The Situation
Bill (not his real name) has owned his home for nearly two decades. He and his wife Amanda have made many memories, raised a family, and built a life in that home. Like many homeowners, he refinanced his mortgage to cover a few major expenses, including college costs for their daughter Lydia.
Now his monthly payment is too high for him to handle. Even worse, Bill owes $170,000 on a home that wouldn’t appraise for more than $100,000. That's $70K in negative equity (yikes!).
Bill contacted his mortgage company about accepting a short sale, but was denied because his payments are “too current.” Bill played by the rules and paid his mortgage and bills on time – even during the lean years when Lori lost her job. To Bill, it doesn’t seem quite fair that loan modification help and short sale approvals are going most often to those who didn’t pay when promised.
Bill can't afford to stay in his house, so he has considered three options:
- Sell the house - "I can't. I’m upside-down and the bank told me they won’t approve a short sale."
- Get a loan modification - "I tried. The bank says I don’t fit their criteria since my payments aren’t behind."
- Move out and rent the house - "I would, but the home needs a few upgrades and some cosmetic repairs to make it ready to rent. I don't have $4000 - $5000 to fix it."
Bill was ready to give up and just let the house go. Even though foreclosure would ruin his credit and certainly is not what he wants to do, he thought he had no other choice.
Two Possible Solutions
We worked with Bill to suggest a couple of solutions he'd never considered.

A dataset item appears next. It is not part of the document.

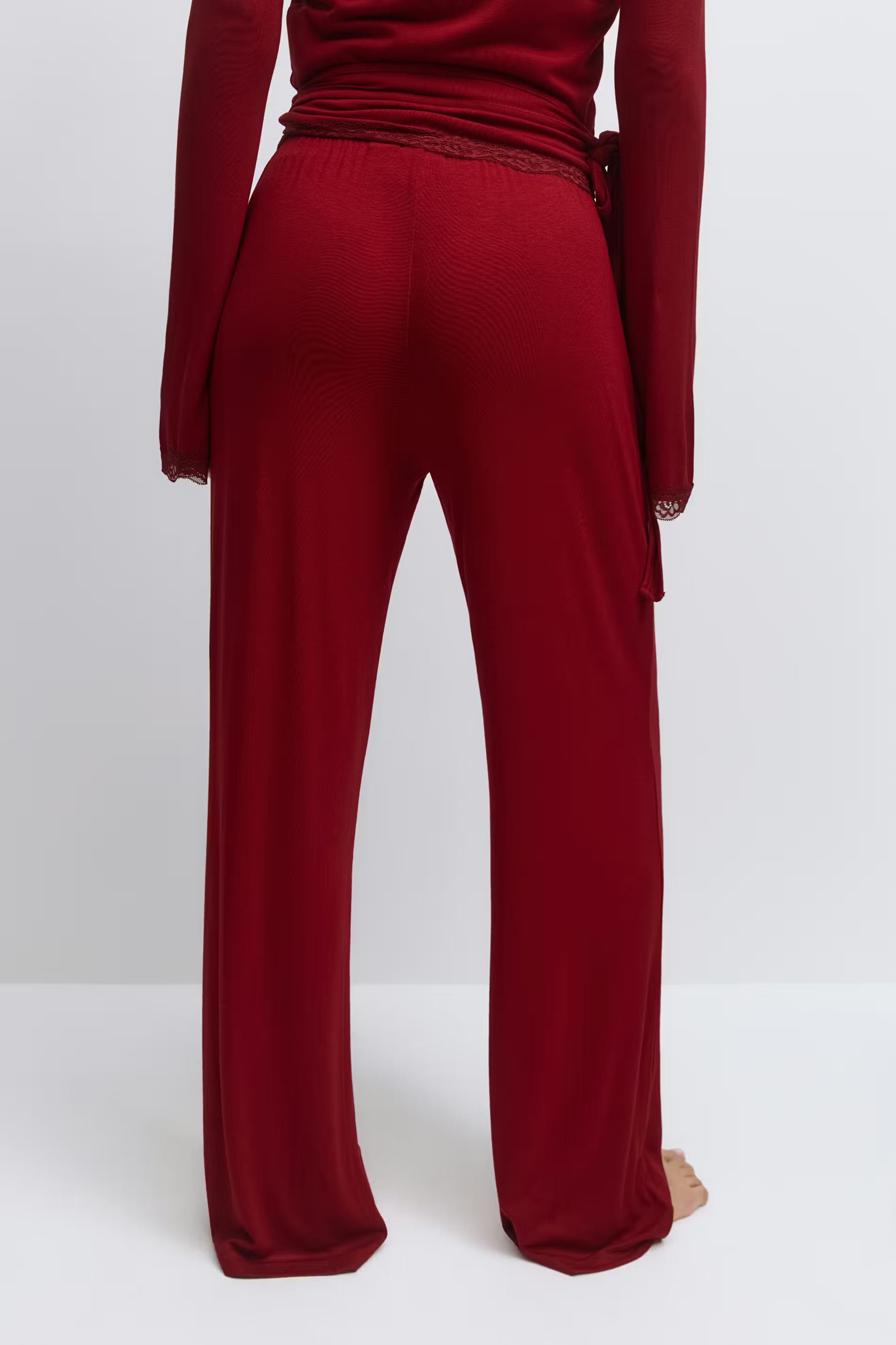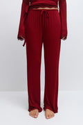 Pantalons de pyjama doux avec coupe oversize. Les pantalons de pyjama sont rouges et ont ajustable à l'avant. Ils ont taille mi-haute avec élastique et des jambes droites avec longueur complète.

Rent the home at a discount. Bill can get his home filled fastest by offering a better deal than any other rentals in the neighborhood. If the going rent is about $1075/mo, Bill might rent his house for $850/mo to someone who is comfortable with a paint brush (none of the repairs are safety-related).
What does Bill get? Time to let home values to improve while someone else is paying on his mortgage. Bill's handy tenant gets a nice house that they can make their own with a huge discount on the monthly payment.
Sell the home with owner financing. If Bill's buyer is a first-time home owner, they might be eligible for $8,000 in a tax refund for purchasing Bill's house. Bill and his buyer could agree to split the tax refund – say, $4000 paid to Bill as a down payment and $4000 used by the buyer for upgrades.
What does Bill get? Once again, Bill gets time to let home values improve. Bill's buyer gets a nice house to own with an affordable down payment and easy approval without jumping through the hoops that a bank would require. Bill might even give his buyer 10 years to refinance and pay him off. In the meantime, Bill's mortgage gets paid down and there is more time for the house to return to a more “normal” appraisal value.
Bill is now considering these two new options. We'll report back when we get an update on his progress.